- Assignment: When the line with "Published Apr 1996" turns up below, begin repeating exactly, and carry on through the line with "Welcome to Paulo"; no pictures go into the copy.

- Dataset records:
....

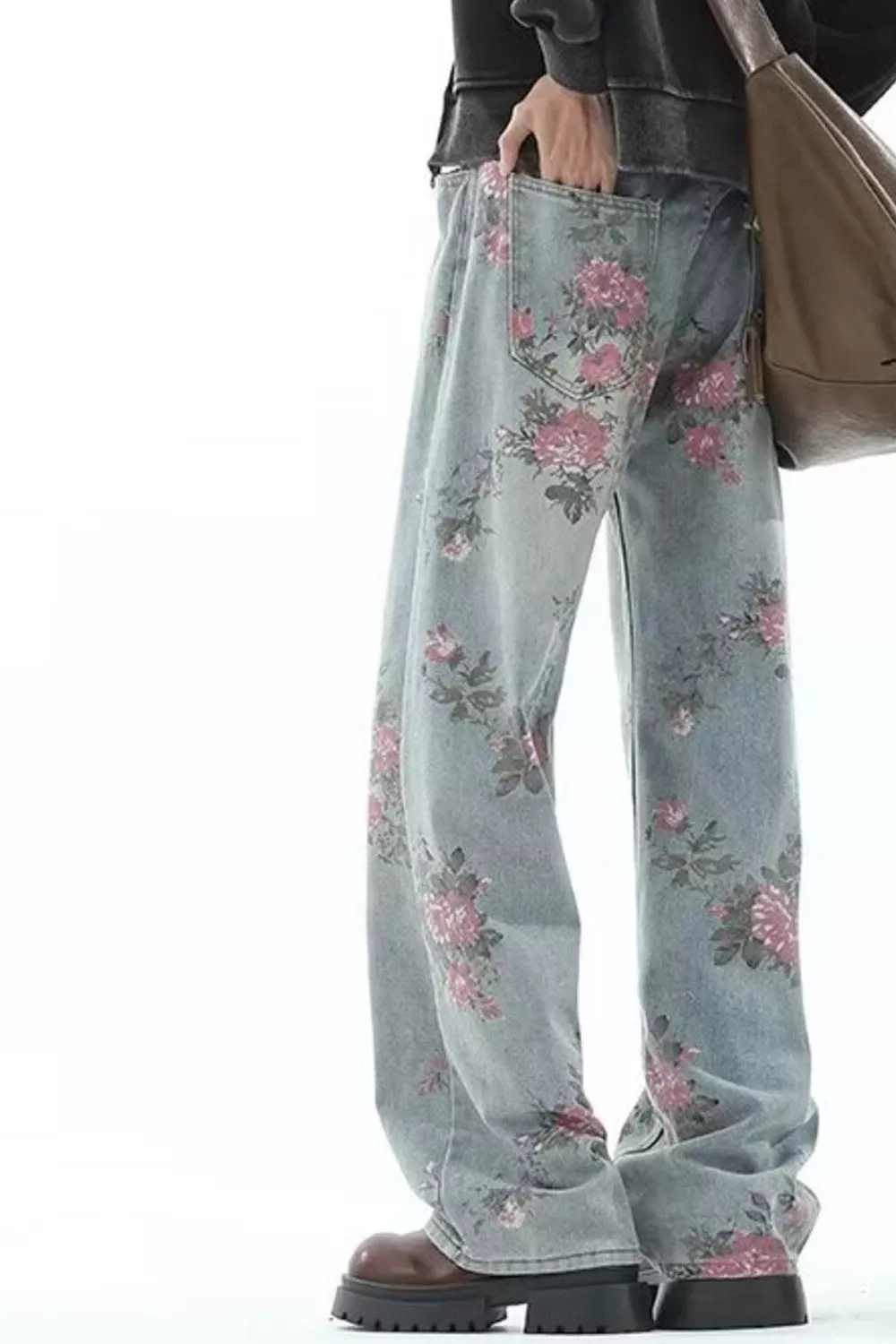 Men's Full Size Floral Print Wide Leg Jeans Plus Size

....

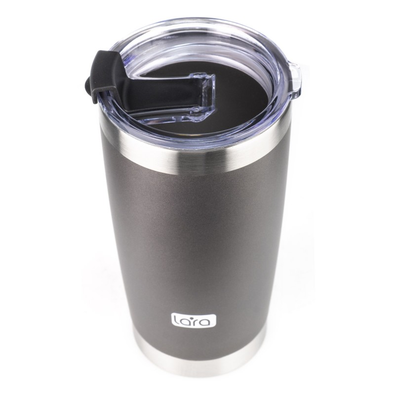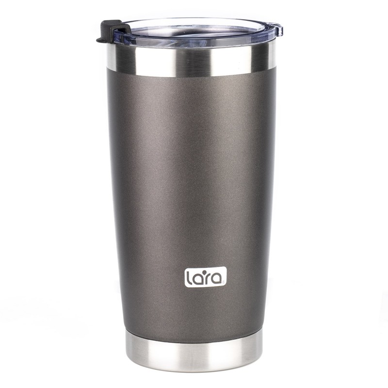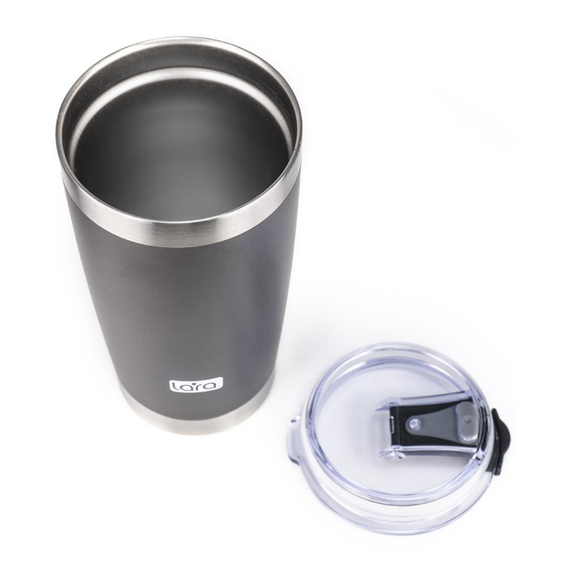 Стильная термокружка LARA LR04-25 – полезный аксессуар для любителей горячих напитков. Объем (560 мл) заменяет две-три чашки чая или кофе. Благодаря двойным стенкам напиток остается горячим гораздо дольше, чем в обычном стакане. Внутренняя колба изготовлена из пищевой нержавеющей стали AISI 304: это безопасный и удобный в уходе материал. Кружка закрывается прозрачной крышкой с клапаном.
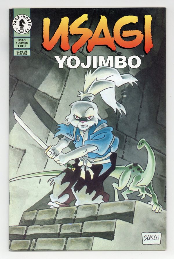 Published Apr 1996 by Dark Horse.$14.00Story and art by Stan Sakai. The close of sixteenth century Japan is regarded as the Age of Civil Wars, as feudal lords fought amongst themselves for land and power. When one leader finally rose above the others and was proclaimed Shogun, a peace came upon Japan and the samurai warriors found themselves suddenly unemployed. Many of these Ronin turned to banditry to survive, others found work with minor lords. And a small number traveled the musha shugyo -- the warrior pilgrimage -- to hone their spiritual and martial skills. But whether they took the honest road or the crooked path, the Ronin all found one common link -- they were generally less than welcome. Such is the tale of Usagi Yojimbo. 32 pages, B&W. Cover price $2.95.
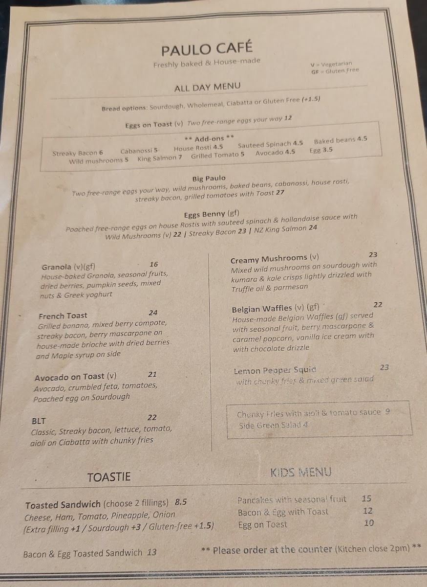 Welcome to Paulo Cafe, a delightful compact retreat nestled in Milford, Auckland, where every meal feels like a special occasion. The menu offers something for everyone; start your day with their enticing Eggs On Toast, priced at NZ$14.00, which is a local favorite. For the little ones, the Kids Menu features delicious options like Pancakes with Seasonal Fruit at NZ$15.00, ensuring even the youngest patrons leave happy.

....

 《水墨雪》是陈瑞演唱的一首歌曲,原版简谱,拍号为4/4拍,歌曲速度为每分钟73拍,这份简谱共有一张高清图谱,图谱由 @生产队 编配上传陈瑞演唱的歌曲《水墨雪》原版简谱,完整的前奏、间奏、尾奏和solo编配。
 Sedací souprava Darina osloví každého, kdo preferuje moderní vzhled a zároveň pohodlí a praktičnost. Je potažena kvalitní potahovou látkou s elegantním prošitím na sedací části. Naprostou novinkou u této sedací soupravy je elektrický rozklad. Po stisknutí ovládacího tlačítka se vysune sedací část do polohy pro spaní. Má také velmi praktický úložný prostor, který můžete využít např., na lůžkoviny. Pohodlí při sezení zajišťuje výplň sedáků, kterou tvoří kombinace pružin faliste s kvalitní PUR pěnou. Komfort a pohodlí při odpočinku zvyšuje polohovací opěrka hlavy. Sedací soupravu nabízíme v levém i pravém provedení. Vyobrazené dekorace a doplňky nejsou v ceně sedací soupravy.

....

- Answer box:
 Published Apr 1996 by Dark Horse.$14.00Story and art by Stan Sakai. The close of sixteenth century Japan is regarded as the Age of Civil Wars, as feudal lords fought amongst themselves for land and power. When one leader finally rose above the others and was proclaimed Shogun, a peace came upon Japan and the samurai warriors found themselves suddenly unemployed. Many of these Ronin turned to banditry to survive, others found work with minor lords. And a small number traveled the musha shugyo -- the warrior pilgrimage -- to hone their spiritual and martial skills. But whether they took the honest road or the crooked path, the Ronin all found one common link -- they were generally less than welcome. Such is the tale of Usagi Yojimbo. 32 pages, B&W. Cover price $2.95.
 Welcome to Paulo Cafe, a delightful compact retreat nestled in Milford, Auckland, where every meal feels like a special occasion. The menu offers something for everyone; start your day with their enticing Eggs On Toast, priced at NZ$14.00, which is a local favorite. For the little ones, the Kids Menu features delicious options like Pancakes with Seasonal Fruit at NZ$15.00, ensuring even the youngest patrons leave happy.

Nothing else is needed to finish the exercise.